Taking mirtazapine with the following medications is not recommended:


  • Intravenous methylene blue

  • Phenytoin (Dilantin)

  • Carbamazepine (Tegretol)

  • Benzodiazepines

  • Other medications that increase the risk of serotonin syndromes, such as lithium or triptans

  • Heart rhythm medications like amiodarone

  • Monoamine oxidase inhibitors (MAOIs)

  • Linezolid (Zyvox)

  • Warfarin


Interactions listed here are not all-inclusive.


Please inform your medical provider and pharmacist if you take any over-the-counter (OTC) medications, herbs, or dietary supplements.



Mirtazapine may increase the risk of suicidal thoughts in young adults, as with other antidepressants. A profound side effect may occur if mirtazapine is taken with other medications or substances that affect serotonin levels. A heart problem called QT prolongation may be associated with mirtazapine. Fast and irregular heartbeats, dizziness, and fainting are symptoms. Patients with a history of heart disease, low potassium or magnesium levels, and older adults are more likely to develop this complication.

Drowsiness can occur during the day when taking mirtazapine. Before you know how the medication affects you, avoid driving or operating heavy machinery. There can be complications if you suddenly stop taking mirtazapine. To help avoid side effects or complications, your healthcare provider will gradually taper your dosage if you must stop taking mirtazapine. The use of mirtazapine during pregnancy should only be recommended if it is the only option available to the patient's healthcare provider. In the third trimester, it can cause side effects in the infant.


When to See a Doctor

Seek medical attention if you have sleep problems and OTC remedies aren't helping. They can recommend an appropriate treatment option. You will be asked about your symptoms, medical conditions, and other factors that you think may contribute to sleep problems.

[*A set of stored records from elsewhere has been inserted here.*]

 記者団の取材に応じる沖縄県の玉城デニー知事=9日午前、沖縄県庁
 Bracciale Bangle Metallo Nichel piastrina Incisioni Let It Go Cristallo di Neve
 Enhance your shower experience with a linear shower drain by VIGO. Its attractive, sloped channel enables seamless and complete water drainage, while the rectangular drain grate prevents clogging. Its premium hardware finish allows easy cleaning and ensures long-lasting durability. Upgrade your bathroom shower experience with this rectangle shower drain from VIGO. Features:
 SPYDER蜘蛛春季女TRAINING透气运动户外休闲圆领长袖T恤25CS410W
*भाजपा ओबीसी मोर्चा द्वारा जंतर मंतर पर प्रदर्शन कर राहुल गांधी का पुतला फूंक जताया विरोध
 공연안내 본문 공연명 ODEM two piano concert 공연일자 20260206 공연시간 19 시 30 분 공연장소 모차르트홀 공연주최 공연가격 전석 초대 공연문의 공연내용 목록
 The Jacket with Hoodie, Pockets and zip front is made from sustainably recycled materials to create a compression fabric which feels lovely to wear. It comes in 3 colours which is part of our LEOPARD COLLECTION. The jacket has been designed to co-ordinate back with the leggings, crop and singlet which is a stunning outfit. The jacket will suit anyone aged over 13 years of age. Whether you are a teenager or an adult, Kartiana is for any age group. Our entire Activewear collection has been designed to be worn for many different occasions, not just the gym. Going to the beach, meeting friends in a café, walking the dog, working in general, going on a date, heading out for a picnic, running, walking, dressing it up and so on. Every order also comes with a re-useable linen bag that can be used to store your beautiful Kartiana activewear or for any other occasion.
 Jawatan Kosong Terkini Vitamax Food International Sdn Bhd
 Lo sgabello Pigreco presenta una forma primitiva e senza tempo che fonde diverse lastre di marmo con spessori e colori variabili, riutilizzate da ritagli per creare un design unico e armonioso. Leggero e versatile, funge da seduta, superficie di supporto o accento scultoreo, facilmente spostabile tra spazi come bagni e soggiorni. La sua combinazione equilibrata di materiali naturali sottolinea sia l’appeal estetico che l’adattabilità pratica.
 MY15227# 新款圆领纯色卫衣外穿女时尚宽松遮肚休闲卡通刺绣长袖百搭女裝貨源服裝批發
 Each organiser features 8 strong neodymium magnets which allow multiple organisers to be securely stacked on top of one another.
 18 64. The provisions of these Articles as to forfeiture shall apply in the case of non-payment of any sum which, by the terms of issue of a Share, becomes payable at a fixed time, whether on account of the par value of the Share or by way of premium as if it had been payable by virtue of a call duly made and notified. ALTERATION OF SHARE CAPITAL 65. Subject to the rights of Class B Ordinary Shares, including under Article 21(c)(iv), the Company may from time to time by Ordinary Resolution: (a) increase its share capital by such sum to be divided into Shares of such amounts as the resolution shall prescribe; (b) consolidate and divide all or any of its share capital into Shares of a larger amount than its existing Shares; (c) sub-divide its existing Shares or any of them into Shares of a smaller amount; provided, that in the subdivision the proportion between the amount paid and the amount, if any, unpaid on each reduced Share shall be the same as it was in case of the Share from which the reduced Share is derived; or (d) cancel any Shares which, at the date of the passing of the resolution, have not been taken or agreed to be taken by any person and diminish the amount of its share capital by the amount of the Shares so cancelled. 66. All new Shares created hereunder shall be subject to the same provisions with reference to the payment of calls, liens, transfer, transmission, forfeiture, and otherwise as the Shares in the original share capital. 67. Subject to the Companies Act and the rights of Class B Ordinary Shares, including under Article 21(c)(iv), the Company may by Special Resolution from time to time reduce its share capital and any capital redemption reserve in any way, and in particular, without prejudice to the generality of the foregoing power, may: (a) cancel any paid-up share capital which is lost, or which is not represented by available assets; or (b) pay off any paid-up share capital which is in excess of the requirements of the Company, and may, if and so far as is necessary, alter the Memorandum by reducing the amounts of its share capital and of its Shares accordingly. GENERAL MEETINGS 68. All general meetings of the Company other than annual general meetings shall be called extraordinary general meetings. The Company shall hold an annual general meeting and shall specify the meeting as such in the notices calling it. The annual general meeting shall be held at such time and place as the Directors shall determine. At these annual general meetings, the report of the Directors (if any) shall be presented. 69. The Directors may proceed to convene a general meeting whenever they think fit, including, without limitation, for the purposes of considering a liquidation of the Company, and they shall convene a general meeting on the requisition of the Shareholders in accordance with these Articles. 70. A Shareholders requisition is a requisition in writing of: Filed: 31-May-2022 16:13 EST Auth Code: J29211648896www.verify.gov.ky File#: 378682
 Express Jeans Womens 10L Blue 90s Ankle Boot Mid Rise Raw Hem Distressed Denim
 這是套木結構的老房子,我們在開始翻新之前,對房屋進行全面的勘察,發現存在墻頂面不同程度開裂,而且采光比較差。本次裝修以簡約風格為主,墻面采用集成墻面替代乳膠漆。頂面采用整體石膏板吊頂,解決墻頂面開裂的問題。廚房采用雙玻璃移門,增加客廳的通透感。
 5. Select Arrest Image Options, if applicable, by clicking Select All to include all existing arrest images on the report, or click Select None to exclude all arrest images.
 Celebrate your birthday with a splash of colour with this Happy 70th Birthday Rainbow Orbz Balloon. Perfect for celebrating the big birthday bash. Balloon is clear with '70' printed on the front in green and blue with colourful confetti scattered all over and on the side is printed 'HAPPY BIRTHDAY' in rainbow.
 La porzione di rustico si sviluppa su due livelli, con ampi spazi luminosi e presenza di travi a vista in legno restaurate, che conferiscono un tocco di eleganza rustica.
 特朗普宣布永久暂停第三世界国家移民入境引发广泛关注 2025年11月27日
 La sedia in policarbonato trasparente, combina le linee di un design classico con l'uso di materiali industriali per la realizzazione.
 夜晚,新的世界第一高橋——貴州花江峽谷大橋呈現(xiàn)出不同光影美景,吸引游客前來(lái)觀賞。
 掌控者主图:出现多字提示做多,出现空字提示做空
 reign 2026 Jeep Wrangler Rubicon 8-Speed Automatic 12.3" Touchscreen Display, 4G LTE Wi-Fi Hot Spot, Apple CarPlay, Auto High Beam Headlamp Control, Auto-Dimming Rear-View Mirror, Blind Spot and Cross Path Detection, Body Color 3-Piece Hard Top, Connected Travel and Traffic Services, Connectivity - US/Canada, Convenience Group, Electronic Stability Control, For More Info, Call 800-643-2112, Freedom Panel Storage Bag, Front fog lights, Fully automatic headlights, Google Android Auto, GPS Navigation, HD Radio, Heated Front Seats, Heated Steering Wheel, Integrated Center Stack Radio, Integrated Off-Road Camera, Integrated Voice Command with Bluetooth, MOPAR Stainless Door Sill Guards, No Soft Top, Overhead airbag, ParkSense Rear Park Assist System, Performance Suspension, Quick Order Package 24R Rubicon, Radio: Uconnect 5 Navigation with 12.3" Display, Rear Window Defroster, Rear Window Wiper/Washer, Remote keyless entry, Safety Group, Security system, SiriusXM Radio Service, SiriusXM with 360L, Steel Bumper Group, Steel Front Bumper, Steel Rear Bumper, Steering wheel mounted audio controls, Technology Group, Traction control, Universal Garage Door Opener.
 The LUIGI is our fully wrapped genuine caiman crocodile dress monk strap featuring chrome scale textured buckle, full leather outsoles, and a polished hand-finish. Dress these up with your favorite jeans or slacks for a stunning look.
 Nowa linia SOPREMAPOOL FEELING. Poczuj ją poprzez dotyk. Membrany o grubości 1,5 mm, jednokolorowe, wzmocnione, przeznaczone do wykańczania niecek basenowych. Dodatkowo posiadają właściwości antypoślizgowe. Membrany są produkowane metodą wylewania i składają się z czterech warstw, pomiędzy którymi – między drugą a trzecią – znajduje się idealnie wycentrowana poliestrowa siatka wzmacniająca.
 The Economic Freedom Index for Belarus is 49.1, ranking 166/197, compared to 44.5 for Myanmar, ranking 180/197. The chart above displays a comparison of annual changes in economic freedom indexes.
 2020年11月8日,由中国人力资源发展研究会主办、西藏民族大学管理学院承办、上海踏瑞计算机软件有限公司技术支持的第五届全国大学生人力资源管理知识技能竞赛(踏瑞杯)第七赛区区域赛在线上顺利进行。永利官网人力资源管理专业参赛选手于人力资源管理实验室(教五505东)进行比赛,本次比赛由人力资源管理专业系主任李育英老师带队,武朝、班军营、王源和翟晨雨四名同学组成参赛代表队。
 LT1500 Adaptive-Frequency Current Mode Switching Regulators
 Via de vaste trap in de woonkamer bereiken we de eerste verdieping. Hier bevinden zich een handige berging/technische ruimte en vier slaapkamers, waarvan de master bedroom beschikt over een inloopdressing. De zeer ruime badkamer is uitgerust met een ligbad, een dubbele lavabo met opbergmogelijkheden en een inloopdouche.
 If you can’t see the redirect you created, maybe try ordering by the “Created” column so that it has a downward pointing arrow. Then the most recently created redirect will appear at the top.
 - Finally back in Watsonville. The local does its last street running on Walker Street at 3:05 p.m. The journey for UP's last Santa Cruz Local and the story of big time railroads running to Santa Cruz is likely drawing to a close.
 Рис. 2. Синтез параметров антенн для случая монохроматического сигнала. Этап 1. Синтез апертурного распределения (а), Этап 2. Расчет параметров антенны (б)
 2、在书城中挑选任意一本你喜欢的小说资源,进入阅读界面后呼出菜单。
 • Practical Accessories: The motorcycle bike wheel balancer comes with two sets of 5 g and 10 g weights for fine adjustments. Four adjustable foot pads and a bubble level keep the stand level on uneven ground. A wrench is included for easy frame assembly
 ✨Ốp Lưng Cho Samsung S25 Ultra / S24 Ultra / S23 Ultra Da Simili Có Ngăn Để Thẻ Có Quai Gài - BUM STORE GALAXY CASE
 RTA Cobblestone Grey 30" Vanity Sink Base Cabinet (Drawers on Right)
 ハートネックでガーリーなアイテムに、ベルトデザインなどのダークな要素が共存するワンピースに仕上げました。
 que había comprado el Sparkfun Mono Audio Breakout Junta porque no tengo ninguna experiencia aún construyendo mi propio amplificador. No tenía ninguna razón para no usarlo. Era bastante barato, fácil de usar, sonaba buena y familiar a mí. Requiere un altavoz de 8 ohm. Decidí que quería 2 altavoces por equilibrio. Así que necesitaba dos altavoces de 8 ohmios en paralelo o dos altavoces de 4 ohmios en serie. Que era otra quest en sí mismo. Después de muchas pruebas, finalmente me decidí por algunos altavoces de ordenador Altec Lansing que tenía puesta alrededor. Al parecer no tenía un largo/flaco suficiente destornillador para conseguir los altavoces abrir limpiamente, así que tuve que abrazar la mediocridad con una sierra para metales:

Consider speaking to your healthcare provider if you already take mirtazapine:


  • Questions about side effects

  • How to use mirtazapine for sleep

  • How mirtazapine may affect other aspects of your health

  • How to safely discontinue mirtazapine

  • Your dosage


A mental health emergency should be treated at an emergency room or by calling 112.


Frequently Asked Questions


What are the pros and cons of mirtazapine?


Tetracyclic antidepressants such as mirtazapine are used to treat depression. In addition to treating major depression, it may also be used to treat sleep disorders by some healthcare providers. Mirtazapine should only be taken according to the instructions.


Mirtazapine should be taken at night; at what time?


Mirtazapine should be taken as directed by your healthcare provider and pharmacist. Taking it every day at the same time is usually recommended.


What are the benefits of mirtazapine for sleep and anxiety?


In people with depression, mirtazapine may improve mood, reduce anxiety, and improve sleep. Other benefits may also be derived from it. To recommend the medication that will be most effective for you, your healthcare provider will consider your health conditions and symptoms.